===== DATASET CONTENT

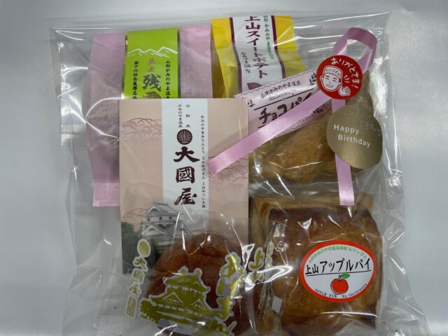 今月も当社社員の誕生日を祝うため、上山市の菓子店の大國屋さんにお菓子の詰め合わせを作っていただきました。
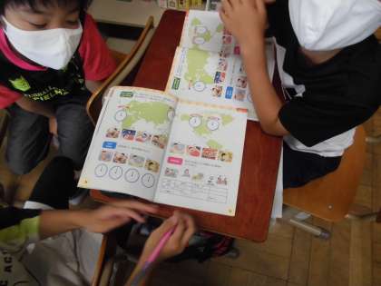 外国語の授業で自分の好きな時間とその理由を相手に伝える活動を行いました。理由を伝えるのが難しく苦戦していましたが何とか伝わるととてもうれしそうでした。
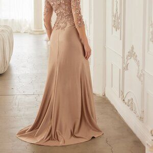 THIS ELEGANT FORMAL DRESS FEATURES A U-NECKLINE AND AN EMBROIDERED BEADING APPLIQUE BODICE FOR A TOUCH OF REFINEMENT. THE SHEER 3/4 SLEEVES ADD A DELICATE, ROMANTIC ELEMENT. THE DRESS IS CRAFTED FROM A LUXURIOUS SATIN MATERIAL AND HAS A BACK ZIPPER CLOSURE FOR A SEAMLESS, TAILORED FIT. STRETCH MATERIAL!
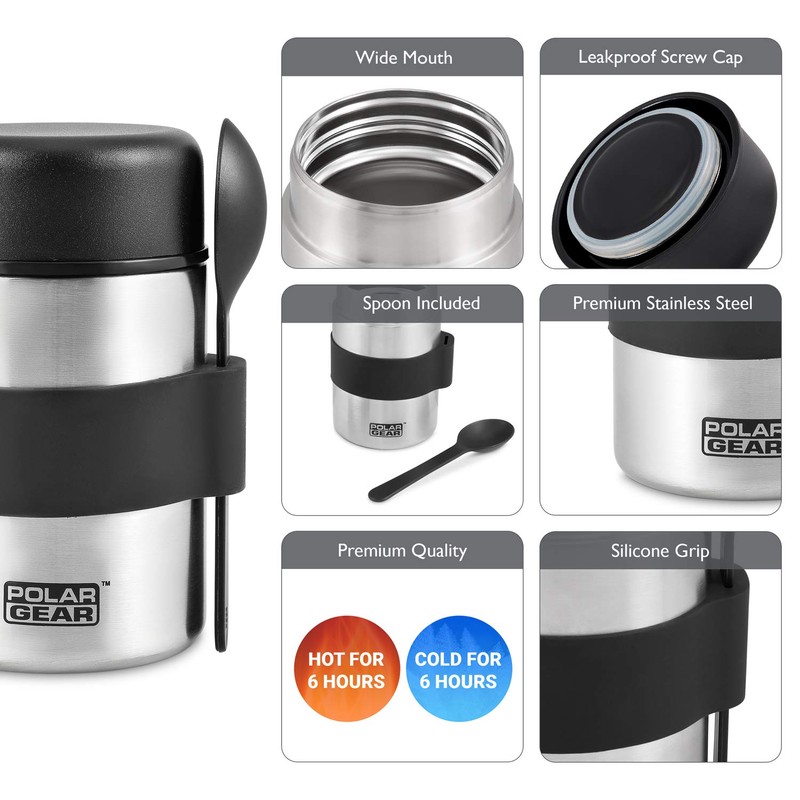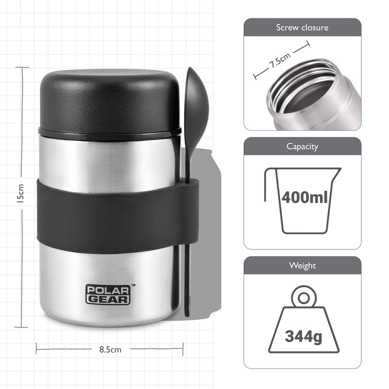 - Fix your lunch time cravings with a nice hot meal: Bored with sandwiches for your packed lunch? Got a long trip tomorrow and want something easy to reach while travelling that leaves no food waste or packaging to dispose? Polar Gear's hot container and food flask is perfect for varying your pack-up routine. With 400ml capacity, our insulated flask perfectly fits a tin of soup. Our hot to the last bite container also suits stews, porridge, leftovers and other warm meals to jazz up commuting.

==========

When you repeat the lines above, keep them exact and leave out each image they contain.

### FINISHED EXERCISE
 今月も当社社員の誕生日を祝うため、上山市の菓子店の大國屋さんにお菓子の詰め合わせを作っていただきました。
 外国語の授業で自分の好きな時間とその理由を相手に伝える活動を行いました。理由を伝えるのが難しく苦戦していましたが何とか伝わるととてもうれしそうでした。
 THIS ELEGANT FORMAL DRESS FEATURES A U-NECKLINE AND AN EMBROIDERED BEADING APPLIQUE BODICE FOR A TOUCH OF REFINEMENT. THE SHEER 3/4 SLEEVES ADD A DELICATE, ROMANTIC ELEMENT. THE DRESS IS CRAFTED FROM A LUXURIOUS SATIN MATERIAL AND HAS A BACK ZIPPER CLOSURE FOR A SEAMLESS, TAILORED FIT. STRETCH MATERIAL!
 - Fix your lunch time cravings with a nice hot meal: Bored with sandwiches for your packed lunch? Got a long trip tomorrow and want something easy to reach while travelling that leaves no food waste or packaging to dispose? Polar Gear's hot container and food flask is perfect for varying your pack-up routine. With 400ml capacity, our insulated flask perfectly fits a tin of soup. Our hot to the last bite container also suits stews, porridge, leftovers and other warm meals to jazz up commuting.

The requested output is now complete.